Die maritime Wirtschaft braucht mehr fairen Wettbewerb anstatt mehr Staatshilfe
Die deutsche Schifffahrt und der Schiffbau stecken in einer üblen Klemme: Die Reedereien leiden unter zu vielen Schiffen, die Werften unter zu wenig Aufträgen. Beiden Branchen fehlt zugleich Kapital. Wichtige Institute wie die Commerzbank oder die HSH Nordbank ziehen sich teils oder ganz aus dem Schiffsmarkt zurück.
Der Verband Deutscher Reeder (VDR) fordert deshalb, dass sich der Bund mit der staatseigenen KfW-Bank massiv in der maritimen Wirtschaft engagiert. Warum sollten Unternehmen untergehen, die - so der VDR - "unverschuldet" in Not geraten seien, etwa die vielen kleineren Familienreedereien in und um Hamburg? Die Forderung des VDR und anderer Spitzenverbände wirft Fragen auf: Was bedeutet unverschuldet? Und wann sind die Zeiten wirtschaftlich wieder normal? Waren sie es je?

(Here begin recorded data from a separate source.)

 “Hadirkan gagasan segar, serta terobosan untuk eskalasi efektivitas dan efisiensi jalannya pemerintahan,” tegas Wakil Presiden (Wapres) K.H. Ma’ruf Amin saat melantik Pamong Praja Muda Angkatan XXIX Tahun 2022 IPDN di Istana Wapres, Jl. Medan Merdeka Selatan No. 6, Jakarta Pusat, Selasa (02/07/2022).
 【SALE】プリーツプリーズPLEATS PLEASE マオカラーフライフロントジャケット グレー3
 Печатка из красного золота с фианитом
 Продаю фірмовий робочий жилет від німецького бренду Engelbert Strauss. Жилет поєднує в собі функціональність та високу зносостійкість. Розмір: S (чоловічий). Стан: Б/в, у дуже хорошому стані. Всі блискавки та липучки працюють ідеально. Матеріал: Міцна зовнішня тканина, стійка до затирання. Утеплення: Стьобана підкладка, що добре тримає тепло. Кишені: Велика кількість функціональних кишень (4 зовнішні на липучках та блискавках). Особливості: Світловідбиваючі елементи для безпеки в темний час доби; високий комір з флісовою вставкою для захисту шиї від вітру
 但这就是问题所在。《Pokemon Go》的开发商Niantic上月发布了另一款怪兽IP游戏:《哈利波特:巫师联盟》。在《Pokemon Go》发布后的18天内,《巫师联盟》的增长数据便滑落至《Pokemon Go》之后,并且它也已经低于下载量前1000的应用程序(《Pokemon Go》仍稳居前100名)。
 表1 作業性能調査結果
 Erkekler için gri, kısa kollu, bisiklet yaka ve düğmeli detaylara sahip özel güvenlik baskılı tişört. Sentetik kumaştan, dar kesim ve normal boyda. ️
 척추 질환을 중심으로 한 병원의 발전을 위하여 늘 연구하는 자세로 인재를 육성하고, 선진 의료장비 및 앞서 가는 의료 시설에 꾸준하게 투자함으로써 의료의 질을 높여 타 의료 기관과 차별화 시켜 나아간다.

Der Verband führt gewichtige Argumente an. Die maritime Wirtschaft, vor allem die Schifffahrt, sei "systemrelevant" für die Exportnation Deutschland. Das erscheint arg überzogen. Vergleiche etwa mit dem Niedergang der Investmentbank Lehman Brothers, deren Ende im September 2008 die Weltfinanzmarktkrise für jeden sichtbar werden ließ, wirken weit hergeholt. Deutsche Produkte würden auch dann exportiert werden, wenn es keine deutschen Reedereien mehr gäbe. Schifffahrtsunternehmen aus anderen europäischen Ländern und aus Asien würden die Lücken dankbar und zügig schließen. Die Zulieferindustrie wiederum, der wichtigste Teil des deutschen Schiffbaus, lässt Maschinen, Anlagen, Elektronik made in Germany mittlerweile längst zum größten Teil auf asiatischen Werften verbauen - in Schiffe für Reedereien aus aller Herren Länder.

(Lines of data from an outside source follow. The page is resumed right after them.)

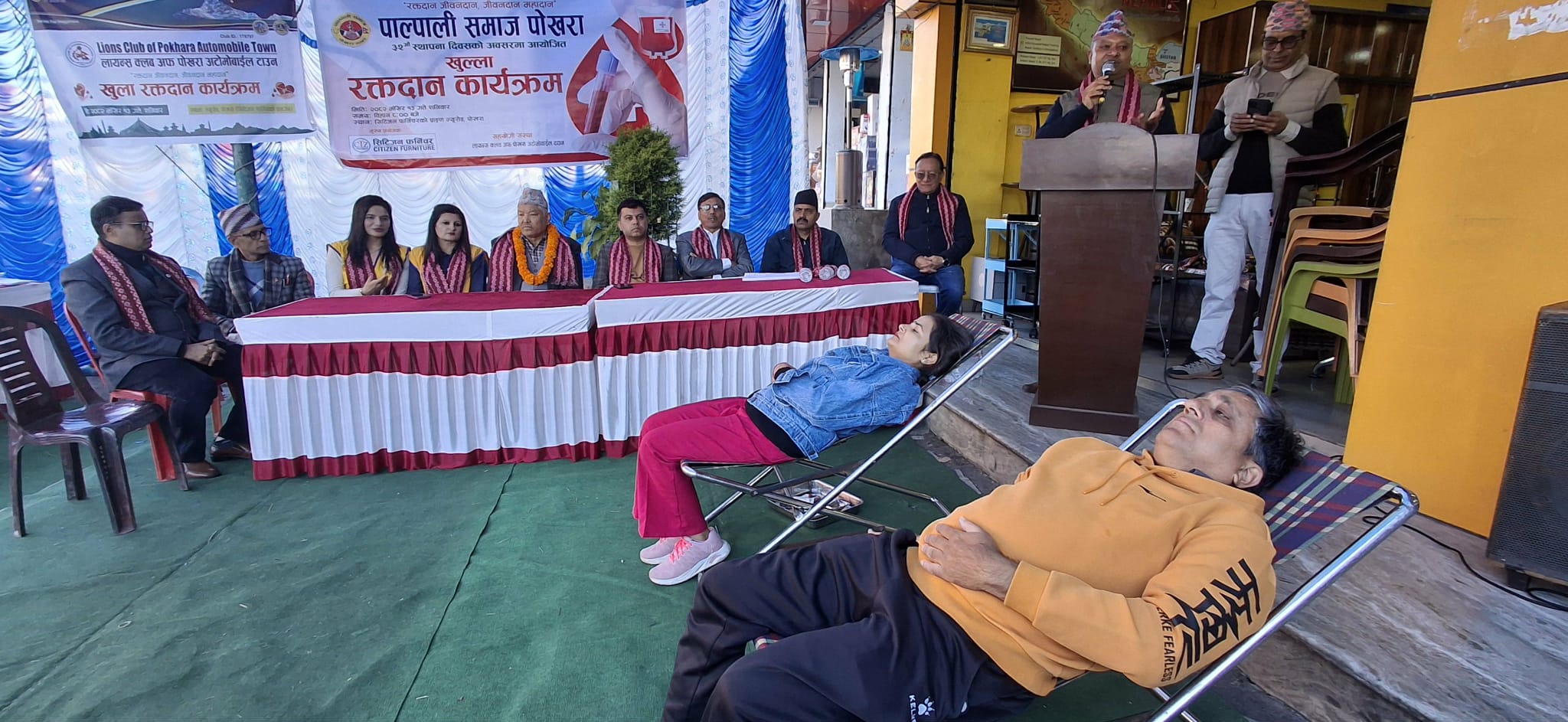 पोखरा । पाल्पाली समाज पोखरा ९ ले शनिबार खुला रक्तदान आयोजना गरेको छ । ३२ स्थापना दिवसको सन्दर्भमा लायन्स क्लब पोखरा अटोमोबाइल टाउनसँगको सहकार्य भएको कार्यक्रममा ६३ युनिट रगत संकलन भएको समाजका अध्यक्ष श्रीधर पराजुलीले जानकारी दिए ।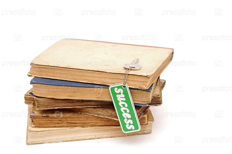Стопка книг с ключом к успеху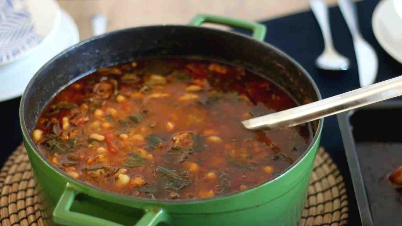 È una pentola che lavora di pazienza e di chimica domestica: le fibre devono cedere, gli amidi devono sciogliersi quel tanto che basta per dare corpo, i profumi devono fondersi senza diventare stanchi.
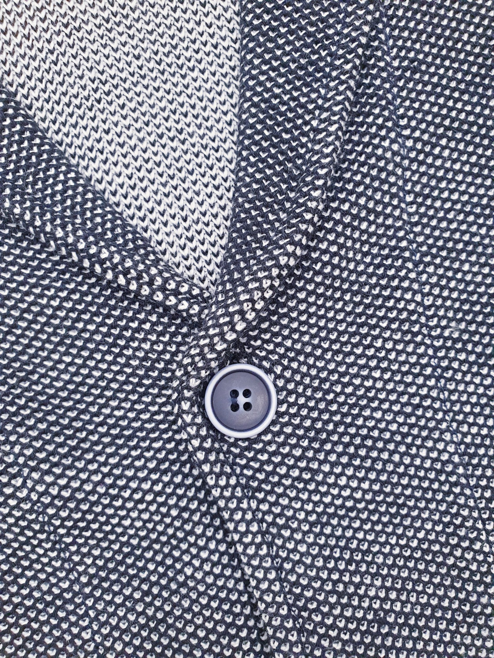 Giacca in maglia tramatura blu/bianco vestibilità sfiancata con bottoni. Composizione: 50% Cotone 50% Acrilica MADE IN ITALY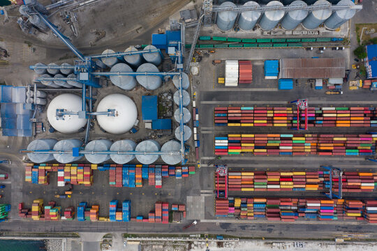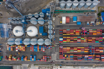 System transport and logistics concept.Aerial top down ultra wide photo of industrial cargo container ship loading in logistics terminal port.Stack of Containers Cargo Ship Import/Export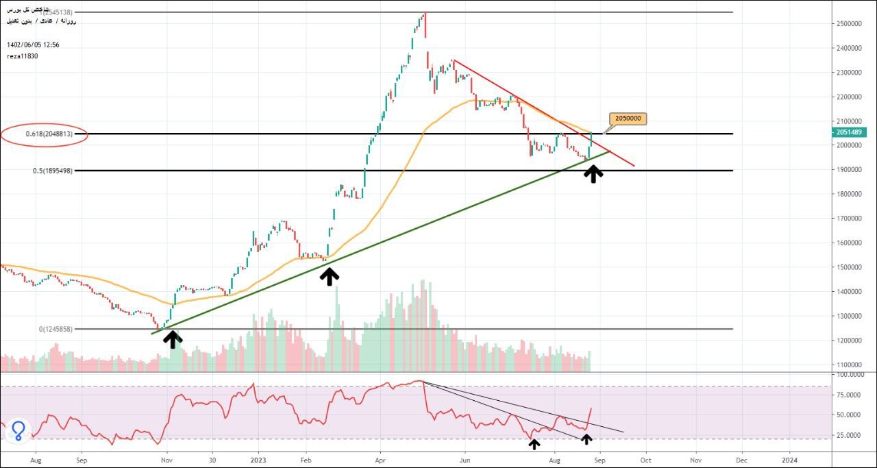 معاملات امروز شاخص را به عدد دقیق ۲۰۵۰۰۰۰ رسانید که سطح تراز ۶۱.۸٪ فیبوناچی و همچنین میانگین متحرک ۵۶ روزه است و لذا این نبرد و درگیری در چندروزه آتی، کاملاً طبیعی خواهد بود.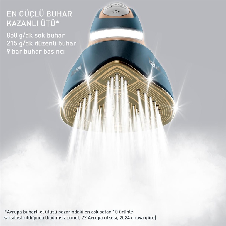 850 g/dakika şok buhar, 215 g/dakika sürekli buhar çıkışı ve 9 bar buhar basıncı sayesinde en zorlu kırışıklıklarda bile ekstra güçlü ve etkil ütüleme performansı sunar.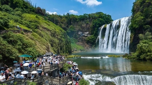 ▲ 5月4日,游客在贵州省安顺市黄果树瀑布景区游览。新华社发 陈熙摄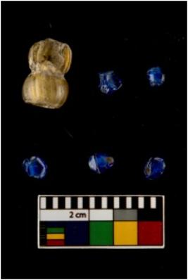 | Description / विवरण | There are n-6 of beads. Out of them 5 are standard truncated biconical blue beads and 1 is short barrel blue bead made up of Glass. 5 beads are in intact condition and 1 is partially broken. |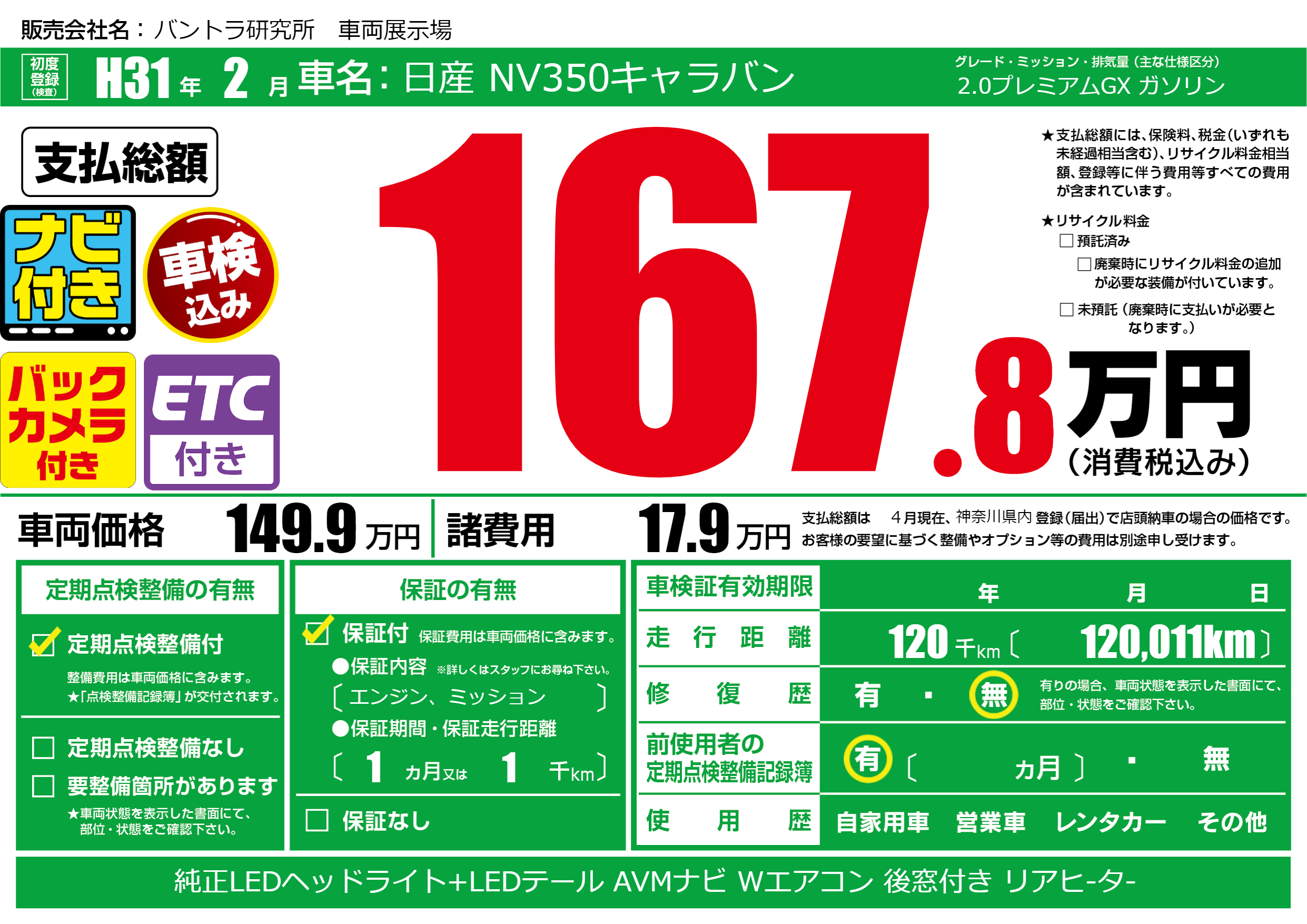 | 定期点検整備 | 定期点検整備あり | ||

Relevant ist die maritime Wirtschaft zweifellos für Norddeutschland. Jede weitere Insolvenz von Unternehmen schwächt auch das Gefüge aus Reedereien, Schiffsentwicklern, Finanzierern, Dienstleistern und der verbliebenen Werften. Die norddeutschen Länder betreiben mit guten Gründen lupenreine Standortpolitik, wenn sie Unternehmen aus der Schifffahrt und dem Schiffbau stützen und wenn sie dafür zusätzliche Hilfe aus Berlin fordern. Es geht um viele Arbeitsplätze. Nur sollte man sich dabei keine Illusionen machen: Staatliche Hilfe lindert Probleme, löst sie aber nicht. Die Stadt Hamburg ist derzeit mit mehr als einem Drittel der Anteile größter Miteigner bei der führenden deutschen Linienreederei Hapag-Lloyd. Auf die Gewinn- und Verlustlage bei dem Schifffahrtsunternehmen aber hat die Stadt keinerlei Einfluss.

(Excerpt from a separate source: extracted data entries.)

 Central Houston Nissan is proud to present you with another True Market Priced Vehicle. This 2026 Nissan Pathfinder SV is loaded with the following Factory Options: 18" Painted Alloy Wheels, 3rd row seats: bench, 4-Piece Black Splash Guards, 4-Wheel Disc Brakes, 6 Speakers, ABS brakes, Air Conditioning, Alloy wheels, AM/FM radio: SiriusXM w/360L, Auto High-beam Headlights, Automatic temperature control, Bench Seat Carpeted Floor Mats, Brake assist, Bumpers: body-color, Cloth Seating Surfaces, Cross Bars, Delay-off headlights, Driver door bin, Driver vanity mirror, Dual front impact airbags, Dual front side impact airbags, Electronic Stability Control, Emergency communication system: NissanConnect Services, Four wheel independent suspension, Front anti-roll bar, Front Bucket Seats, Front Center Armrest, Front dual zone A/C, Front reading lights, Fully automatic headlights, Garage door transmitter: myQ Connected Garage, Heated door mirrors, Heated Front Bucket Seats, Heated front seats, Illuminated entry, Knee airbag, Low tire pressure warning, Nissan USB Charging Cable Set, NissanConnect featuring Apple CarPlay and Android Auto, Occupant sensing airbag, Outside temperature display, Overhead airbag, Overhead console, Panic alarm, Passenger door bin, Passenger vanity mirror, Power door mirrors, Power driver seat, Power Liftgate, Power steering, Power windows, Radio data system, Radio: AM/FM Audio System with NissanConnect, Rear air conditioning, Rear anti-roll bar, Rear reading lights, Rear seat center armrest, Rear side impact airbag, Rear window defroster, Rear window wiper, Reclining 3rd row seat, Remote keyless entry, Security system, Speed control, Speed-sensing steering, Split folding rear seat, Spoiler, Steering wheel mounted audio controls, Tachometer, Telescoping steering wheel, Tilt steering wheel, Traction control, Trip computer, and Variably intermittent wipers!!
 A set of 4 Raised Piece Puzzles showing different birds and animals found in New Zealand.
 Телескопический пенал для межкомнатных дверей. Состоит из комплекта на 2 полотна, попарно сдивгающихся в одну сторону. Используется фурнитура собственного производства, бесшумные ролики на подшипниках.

Das Hauptproblem der maritimen Wirtschaft liegt jenseits der Landesgrenzen: Ein fairer Wettbewerb hat sich weder in der Schifffahrt noch bei den Werften je etabliert. Deutsche EU-Partnerländer wie Frankreich, Spanien oder Italien schützen und stützen ihre nationalen Reedereien und Schiffbaubetriebe nach Gutdünken. In Südkorea und China wiederum gilt die Schifffahrt quasi als Rammbock für die Entwicklung voranstürmender Volkswirtschaften insgesamt - Staatshilfe etwa in Form billiger Kredite ist dort selbstverständlich.
Natürlich kann sich auch Deutschland in diese illustre Gesellschaft einreihen und den Leitgedanken der Marktwirtschaft zumindest temporär verbannen. Das mahnende Beispiel der deutschen Werften - zuletzt erst diese Woche bei P+S in Mecklenburg-Vorpommern - sollte dabei aber jeder Akteur vor Augen haben: Wenn Unternehmen vor dem Abschwung stehen, kann staatliche Stütze die Talfahrt zwar verzögern, aber nie verhindern.